Google Streetview of 32nd Bienal de São Paolo, 2016

These are admittedly strange experiences, and it’s perhaps because we sense the tension between our real confinement and our virtual freedom to roam these spaces that we don’t like to dwell too long on our encounter with these simulated spaces. There’s something melancholic in roaming these soundless interiors, records of a world that has just disappeared.

But to this art critic, the VR gallery reminds us that art only really means something when it appears in public, in the visible, physical, social world. An artwork isn’t just an isolated object floating in the cold storage of a collector’s inventory – it’s an event made by an artist, framed by dealers and curators and others, and eventually seen by a public. And, while we might find ourselves fiddling clumsily with the mouse controls or bumping into the curators’ pop-up notes (these platforms will have to improve, for sure), the VR gallery show allows us to sidestep the mediation of PR agencies, the publicity departments of big institutions, the influence of powerful curators (and yes, even the recommendations of critics). Rather than take their word that something is good without seeing it for oneself, we can drop straight into a building thousands of miles away; whether it’s a smaller gallery hosting weirdly intricate, playfully neurotic shows such as Freight+Volume’s Pungent Dystopia in New York, or a ‘blue-chip’ gallery show such as Goodman Gallery’s sombre reflection on the politics of visibility and invisibility, How to Disappearat its space in Johannesburg.

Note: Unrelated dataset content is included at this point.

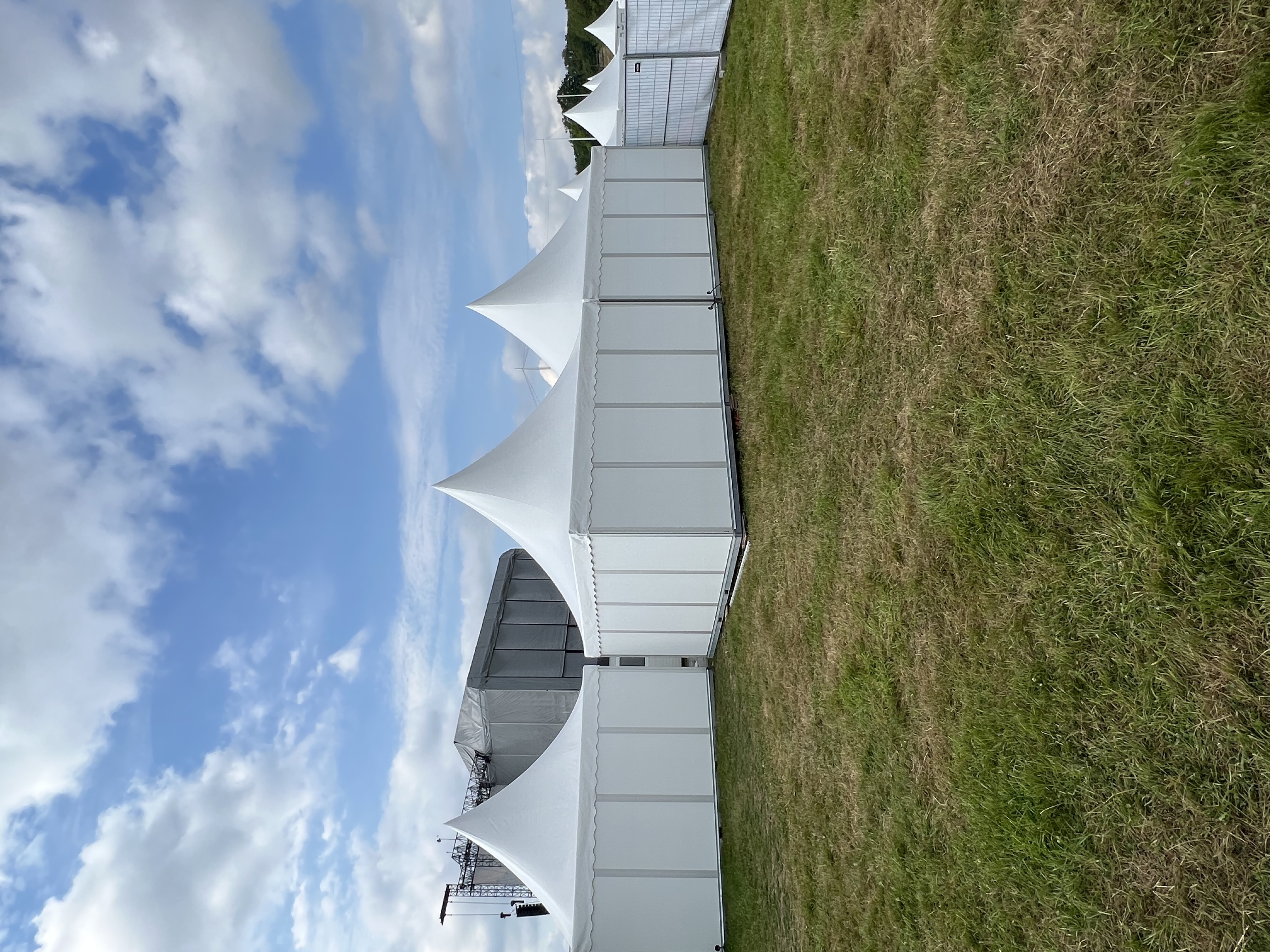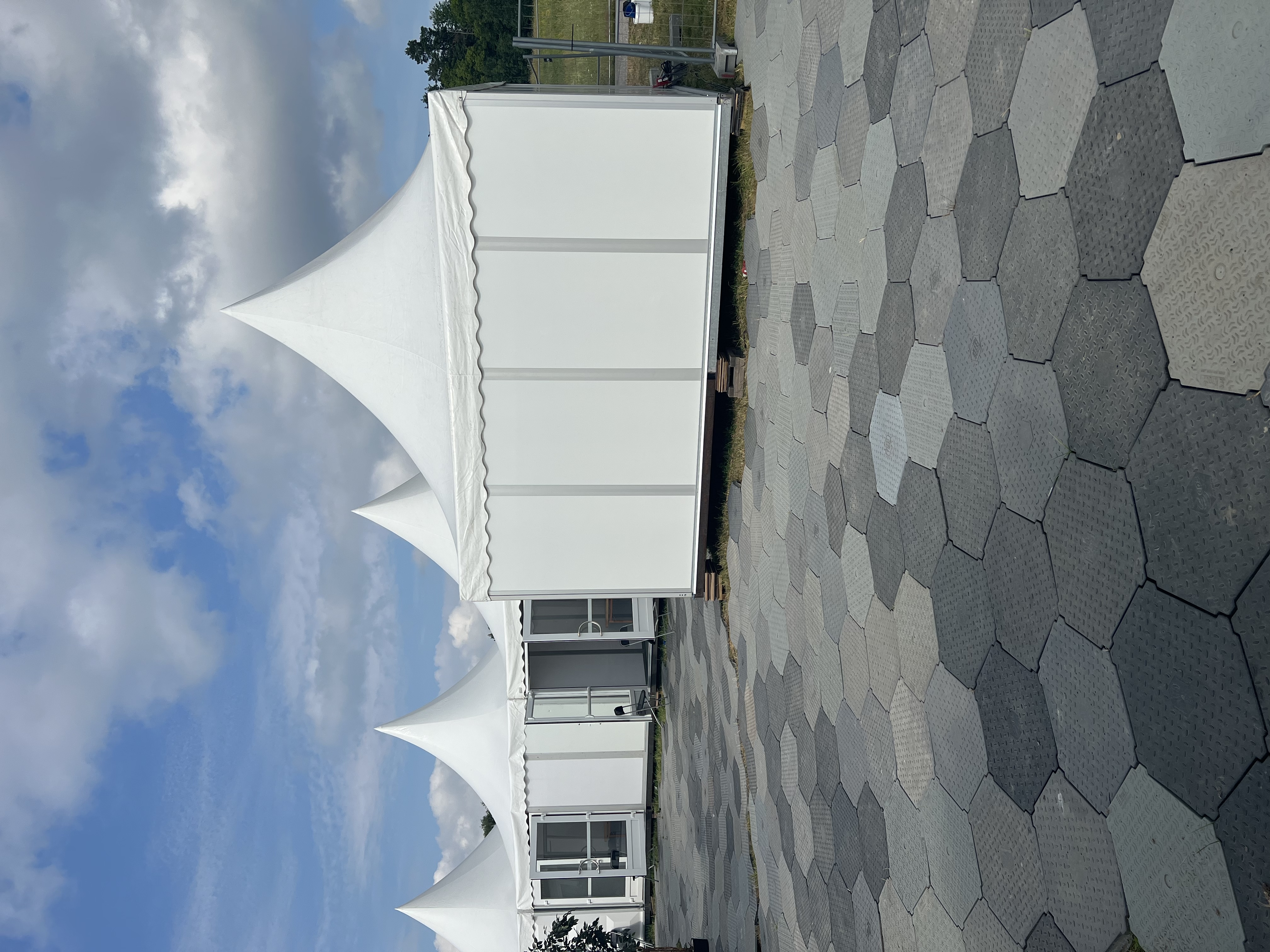 Ten 5 x 5m Metz pagodas with their striking high roofs were supplied for a venue in Sweden. The stylish pagoda tents have translucent PVC roofs and white PVC panel walls. These are supported by anodized aluminium frames fixed to heavy-duty flooring which avoids the need for additional ground anchors. Additional safety and strength are provided by steel eaves and ridge connections.
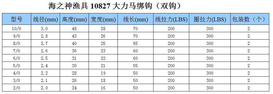海神 10827 10/0 大力馬線鐵板鉤 雙綁鉤 海釣鉤 2個(gè)/包

Mounir Fatmi, Black Screens – The Rectangle, 2004–2020 (installation view, Goodman Gallery, Johannesburg). Via Matterport. Courtesy Goodman Gallery, Johannesburg, Cape Town & London

Rather than the frictionless proximity of another webpage viewing room, or an artist’s Vimeo channel, or even an art-magazine article, all of which we view while stuck inside – apprehensive, bored, worried, angry – the VR gallery show reminds us that public space is precious, our freedom to be in it not to be taken for granted. The art venue may be a contradicted intersection of commercialism and exclusivity, but it’s also one of the many spaces to gather that we’ve just lost. There’s a strange, sad irony in the fact that in the last years, the artworld has torn itself apart over what should be shown, or who should be allowed to occupy the gallery space, or whether one group of artists is over represented or another underrepresented. Now nobody gets to show, and everyone suffers, since the public space that was once hotly contested no longer exists. If nothing else, the VR show pushes us to think imaginatively about the kinds spaces we might want to create once the lockdowns unravel, and the value of the freedom implied by being able to occupy space, gather there and do as we wish. And of allowing others the same liberty. For the next few weeks I’m looking forward to reviewing some of these shows. In the meantime, I’ve still to order my VR goggles. It’s more real in 3D, right?